In this tutorial, you learn to train and test a single-node Intel® Xeon® Scalable processor platform system using TensorFlow* framework with CIFAR-10 image recognition datasets. Use these step-by-step instructions as-is, or as the foundation for enhancements and/or modifications.
|Hardware||Steps have been verified on Intel® Xeon® Scalable processors but should work on any latest Intel® Xeon® processor-based system. None of the software pieces used in this document were performance optimized.|
|Software||Basic Linux*, familiar with the concepts of deep learning training|
Install TensorFlow using binary packages or from GitHub* sources. This document describes one way to successfully deploy and test on a single Intel Xeon Scalable processor system running CentOS* 7.3. Other installation methods can be found in 2,18. This document is not meant to give an elaborate description of how to reach state-of-the-art performance; rather, it’s to introduce TensorFlow and run a simple train and test using the CIFAR-10 dataset on a single-node Intel Xeon Scalable processor system.
Hardware and Software Bill of Materials
The hardware and software bill of materials used for the verified implementation recommended here is detailed in Section II. Intel® Parallel Studio XE Cluster Edition is an optional installation for single-node implementation providing most of the basic tools and libraries in one package.
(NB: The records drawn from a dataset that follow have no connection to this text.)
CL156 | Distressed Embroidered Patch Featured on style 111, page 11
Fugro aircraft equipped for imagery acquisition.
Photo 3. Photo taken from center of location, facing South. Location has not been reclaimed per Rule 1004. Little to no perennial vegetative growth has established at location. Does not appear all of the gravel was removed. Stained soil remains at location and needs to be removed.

Starting with Intel Parallel Studio XE Cluster Edition accelerates the learning curve needed for multi-node implementation of the same training and testing, as this software is significantly instrumental on a multi-node deep learning implementation.
|Intel® Server Chassis||Intel||R1208WT|
|Intel® Server Board||Intel||S2600WT|
|2 - Intel® Xeon® Scalable processor||Intel||Intel Xeon® Gold 6148 processor|
|6 - 32 GB LRDIMM DDR4||Crucial*||CT32G4LFD4266|
|1 - Intel® SSD 1.2 TB||Intel||S3520|
|CentOS* Linux* Installation DVD||CentOS||7.3.1611|
|Intel® Parallel Studio XE Cluster Edition||Intel||2017.4|
Install the Linux* Operating System
This section requires CentOS-7-x86_64-*1611.iso. This software component can be downloaded from the CentOS website.
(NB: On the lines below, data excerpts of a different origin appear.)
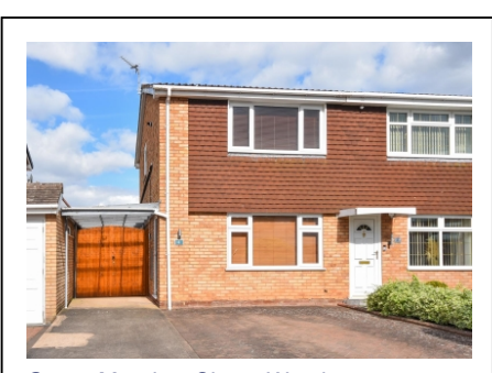
Green Meadow Close, Wombourne, Wolverhampton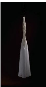
14 "Relic 6: "My dress was boring, but I love what came out of it." from Relics of Marriage Archival print, framed 36h x 22w 2015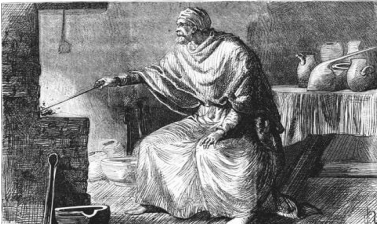
In the Hands of the Refiner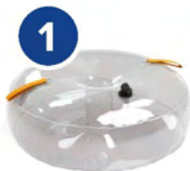
1 Mortar Buoy® Inflatable Form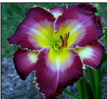
WOLF IN SHEEP'S CLOTHING 29",Tet,5.50",Dor,M,Frag,Re GOSSARD 2011 $25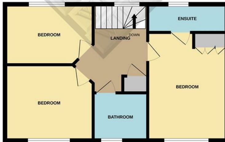
TOTAL FLOOR AREA : 1037 sq.ft. (96.4 sq.m.) approx.

Whilst every attempt has been made to ensure the accuracy of the floorplan contained here, measurements of doors, windows, rooms and any other items are approximate and no responsibility is taken for any error, omission or mis-statement. This plan is for illustrative purposes only and should be used as such by any prospective purchaser. The services, systems and appliances shown have not been tested and no guarantee as to their operability or efficiency can be given.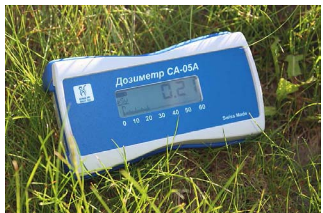
Swiss dosimeter SA-05A.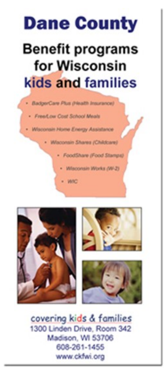
Figure 2. MAP Publication

Tools for Schools and Communities: An Online Toolbox for Enhancing SCHIP Outreach and A&/a@fn@ss6:18:27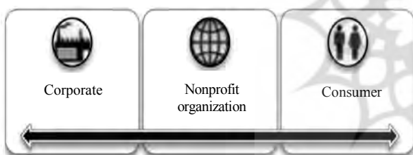
Figure 1. Scope of cause-related marketing (CRM) beneficiaries

societies is known as cause-related marketing (CRM) in which the nonprofit organizations collaborate with the corporations through access to new sources of fundraising and increasing social participation to benefit from the cooperation advantages. The popularity of this marketing tool is nowadays evident in the level of the involvement of corporates in social causes as it grew by 3.6% in the United States in 2017 and a total of 2.06 billion dollars has been dedicated for it (2). The term CRM was first coined in the 1980s and refers to campaigns where a corporate works with a nonprofit organization to help a particular social cause, whether through product sales or product use (3). In fact, CRM is a marketing tool that can be used to achieve a wide range of goals (4). Numerous studies have indicated that the emergence of CRM has increased the scope and breadth of the organization's beneficiaries beyond consumers and by integrating it with the nonprofit sectors (Figure 1), especially the sectors with knowledge and progress dealing with the social field for the improvement of social causes, such as human rights or sustainable development (5).

DVD ISO was used to implement and verify the steps in this document; you can also use Everything ISO and Minimal ISO.
Step 1. Install Linux
1. Insert the CentOS 7.3 1611 install disc/USB. Boot from the drive and select Install CentOS 7.
2. Select Date and Time.
3. If necessary, select Installation Destination.
a. Select the automatic partitioning option.
b. Click Done to return home. Accept all defaults for the partitioning wizard, if prompted.
4. Select Network and host name.
a. Enter "<hostname>" as the hostname.
i. Click Apply for the hostname to take effect.
b. Select Ethernet enp3s0f3 and click Configure to set up the external interface.
i. From the General section, check Automatically connect to this network when it’s available.
ii. Configure the external interface as necessary. Save and Exit.
c. Select the toggle to ON for the interface.
d. Select the toggle to ON for the interface.
5. Select Software Selection. In the box labeled Base Environment on the left side, select Infrastructure server.
a. Click Done to return home.
b. Wait until the Begin Installation button is available, which may take several minutes. Then click it to continue
6. While waiting for the installation to finish, set the root password.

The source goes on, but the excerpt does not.